Può essere utile spiegare che è normale provare ansia e paura in tante situazioni, che
sperimentarle non è pericoloso e che non significa essere malati, o avere un disturbo.
Potrebbe essere utile aiutare il proprio figlio ad identificare cosa prova (ad esempio, mi
sento impaurito), dare un senso a quello che prova e normalizzare questa esperienza (ad
esempio, è normale tu sia impaurito se a scuola ci sono due classi in quarantena) e
incoraggiarlo a provare a lasciare andare e “fare scorrere” certe esperienze emotive, nella
consapevolezza che non è necessario eliminarle o fare necessariamente qualcosa per
scacciarle.
Dover trascorrere più tempo a casa limita necessariamente certi movimenti di
esplorazione e autonomia, che tipicamente in questa fase evolutiva vengono agiti fuori
dalle mura domestiche.
Per quanto possibile, diventa quindi importante poter garantire ai propri figli degli spazi
privati di esplorazione, rispettandone i confini sia in termini di tempo che di spazio fisico.

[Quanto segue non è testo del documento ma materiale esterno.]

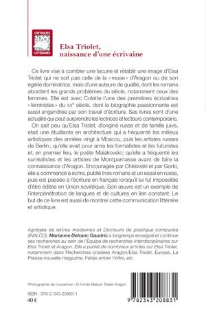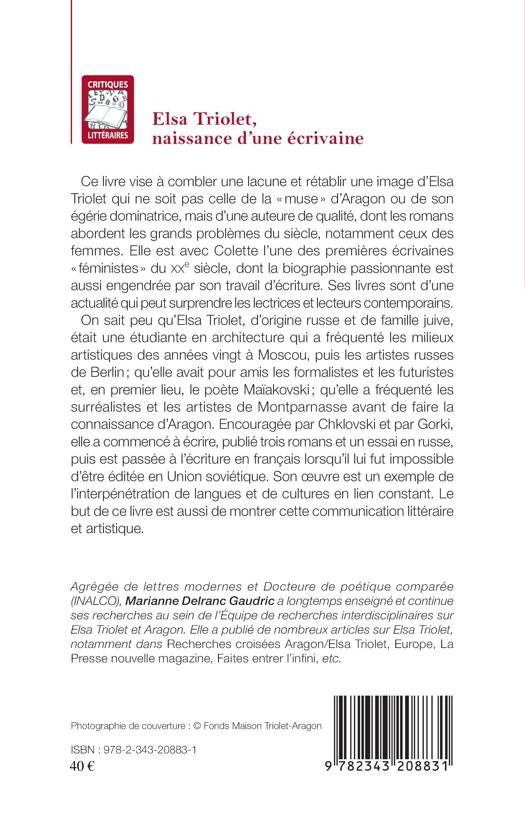 Ce livre vise à combler une lacune et rétablir une image d'Elsa Triolet qui ne soit pas celle de la muse d'Aragon ou de son égérie dominatrice, mais d'une auteure de qualité, dont les romans abordent les grands problèmes du siècle, notamment ceux des femmes. Elle est avec Colette l'une des premières écrivaines féministes du xxe siècle, dont la biographie passionnante est aussi engendrée par son travail d'écriture. Encouragée par Chklovski et par Gorki, elle a commencé à écrire, publié trois romans et un essai en russe, puis est passée à l'écriture en français lorsqu'il lui fut impossible d'être éditée en Union soviétique. Son oeuvre est un exemple de l'interpénétration de langues et de cultures en lien constant. Le but de ce livre est aussi de montrer cette communication littéraire et artistique.

Così, prezioso diventa il limite di una porta chiusa che, per essere aperta, richieda
l’autorizzazione del ragazzo stesso. Per quanto complesso, idealmente il messaggio da
trasmettere è quello di esserci, mantenendo e rispettando però i loro confini.

Oltre alla comprensione, il sostegno e il rispetto della distanza, è necessario al contempo
una corretta sollecitazione del senso di responsabilità dell’adolescente.
Questo può tradursi nel porre richieste pertinenti, come un compito di cui occuparsi in
casa.
È importante sollecitare il senso di responsabilità dei ragazzi.
E’ importante che il genitore rimanga una figura autorevole in grado di imporre regole e
limiti anche non concordi al desiderio dei figli, seppur agite al fine ultimo del loro
benessere.
L’ideale è che tali regole, limiti e confini siano chiaramente spiegati. Sia in riferimento al
senso della loro esistenza (ad esempio, a questa ora spegni la luce perché è importante
che tu possa riposare adeguatamente per la tua crescita), sia in relazione alle
conseguenze che ci saranno qualora tali limiti non vengano rispettati (ad esempio, se
questo non accadrà domani non giocherai alla playstation).
Il cambiamento delle abitudini di vita rende importante riuscire a mantenere una certa
routine e, nel caso degli adolescenti, questo implica necessariamente l’impegno del
genitore nel farla rispettare.
Le regole potranno essere rinegoziate e può essere utile sperimentare insieme la
contrattazione di qualcuna di queste, magari assumendosi compiti reciproci precisi, come
in una sorta di contratto.
Infine, per promuovere l’adesione alle regole è utile tenere a mente l’importanza del
rinforzo positivo, riconoscendo l’impegno del figlio e premiandolo quando agisce
comportamenti rispettosi delle medesime.
Anche in famiglia diventa importante coltivare spazi in cui dedicarsi ad attività che
consentano di creare uno spazio per stare insieme, condividere, giocare ed esplorare, al di
là del coronavirus.
Guardare insieme una serie tv, oltre al momento di condivisione della visione in sé, può
offrire anche stimoli di discussione comune in altri momenti della giornata. Dedicarsi alla
preparazione di una cena con più portate, a partire dalla discussione e contrattazione per
la scelta di un menù che sia negoziato e approvato da tutti i componenti della famiglia.
Le attività sono potenzialmente infinite e possono dipendere dagli interessi dei componenti
della famiglia, ma anche dal desiderio di scoprire insieme e sperimentarsi in nuove attività
cui nessuno si era dedicato prima.

Il compito del Pedagogista clinico, in questo momento pieno di confusione e incertezza, è
trovare un punto focale all’interno della famiglia. Educare i genitori ad utilizzare modalità
diverse con i propri figli rispetto a un anno fa. Non è solo la pandemia ma ogni neonato,
bambino, adolescente ha cambiato la sua visione di vita e, un anno per loro, non si
traducono solo in 12 mesi persi, sono 12 mesi che non torneranno più in un’età così
difficile, perché al suo interno troviamo lo studio, la socializzazione, la manualità, la
frustrazione di un brutto voto, la routine dell’uscire di casa per andare a scuola, la
condivisione delle feste assieme ai parenti, amici ecc. quindi questi momenti dovranno
tornare con modalità e strategie diverse. Il compito del Pedagogista clinico è aiutare le
famiglie in questo passaggio così difficile.